In the ceramic constructions of Bente Skjøttgaard, we see the slow alchemy of minerals and glazes combined in the high-temperature crucible of the kiln. Her subjects emerge from loose, gestural coils and slabs of clay, which are left deliberately unglazed in places. Captured in medias res, they take on the cursory appearance of a process unfolding, a sketch, erased, drawn over, and reworked. Frequently, Skjøttgaard foregrounds the capacity of clay to exhibit opposing qualities — strength and elasticity, density and weightlessness, impressionability and durability — in sculptures based upon the structures of cloud typologies, the bonds between carbon atoms, or as here, arboreal growth and decay.
The sculptures from the Family tree or “woodwork” series take their impetus from a research project titled the Alchemists’ convention. The project provided Skjøttgaard with access to the Niels Hansen Jacobsen ceramics collection at the Vejen Art Museum, resulting in an exploration of the meeting point of stoneware clay bodies and cast metal mountings. Skjøttgaard found a particular interest in the patterning of molten metal as it escaped from plaster molds, flowing into gaps and natural rivulets in the sand underfoot. The cooling metal which solidified in these hollows had a crumpled, asymmetrical appearance, riddled with delicate surface variations. Affixing these small pewter extrusions around the vertical cylinder of a tree trunk formed from clay, the sculptures become substrates for a process of growth and metamorphosis, the steady accretion and transformation of matter as modeled by the forest ecosystem itself.
Skjøttgaard’s Family trees molder with loosely textured glaze, gathering matter, color, and complexity as though suffused with a matted coat of leaf litter, the soft fuzz of moss, or the onset of fungal growths. Each form is frozen in movement, listing sideways as toward the sun or against buffeting gusts of wind. Each seems to bear the mark of seasonal cycles of frost, storms, and drought. They are rooted in the same language of nature—boughs and branches, curling tendrils and bifurcating veins—that inspired Art Nouveau’s artisans like Jacobsen; nevertheless, Skjøttgaard stakes a less ornamental claim for nature’s relationship to culture, not as a site of beauty or repose, but rather as a highly complex, intricately varied crossroads of material transformation.
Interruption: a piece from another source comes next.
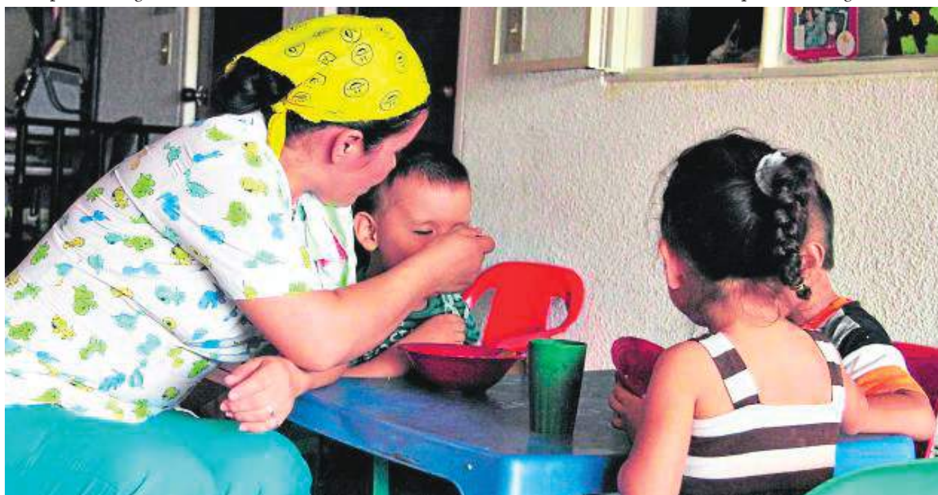
Aproximadamente 100 hogares de bienestar se están viendo afectados con esta problemática en la ciudad de Neiva. (Imagen de ambientación)

Aunque se le solicitó al Instituto Colombiano de Bienestar Familiar Regional Huila que concediera una entrevista o emitiera un comunicado de prensa explicando la situación, al cierre de esta edición no se logró obtener respuesta.

In contrast, Kivivirta’s tiled ceramic mosaics probe the edges of optical perception. Situated in the crepuscule of near-monochrome black and white, a place of shadows and indistinct recognition, it takes a moment for the eyes to adjust. Subtler chromatic tones seep through, suffusing each precisely carved tile with an echo, a vaporous charcoal gray or umber that recalls the earth and the over 2000° C furnace of the kiln. Kivivirta’s imagery, likewise, is soft, somnolent, and familiar, composed of welcome elementary forms that feel both primal yet inconspicuous. The eye wanders across the porcelain and stoneware surfaces, probing their outlines: the upright circle of a rounded seat or the open form of a vessel, perhaps a rudimentary bucket left out to gather rainwater; a toppled cylinder; a tunnel passing through a rising bluff; the taut skin of a drum pricked by infinitesimal vibrations.
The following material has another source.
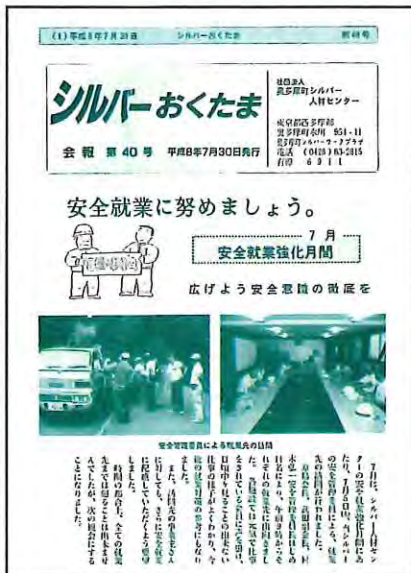
第40号 1996.7.30 発行

Other compositions are more porous, pervaded by humidity. Images of air currents rise and circulate, while droplets of water descend. The scale of her work encompasses and alters the architecture in which it rests; it maintains a staid, muted equilibrium, activating philosophical rumination on the essential qualities and visual instabilities of Cartesian space, underscoring the inevitable pull between our ideal imaginings and the hard, grounded fact. In concert, Kivivirta and Skjøttgaard reimagine our relationship with the non-human and the fluctuating sphere of the planet that encompasses us, whether through the rich variety of life found in a copse of trees or the molecular bonds of hardening clay and mineral glaze.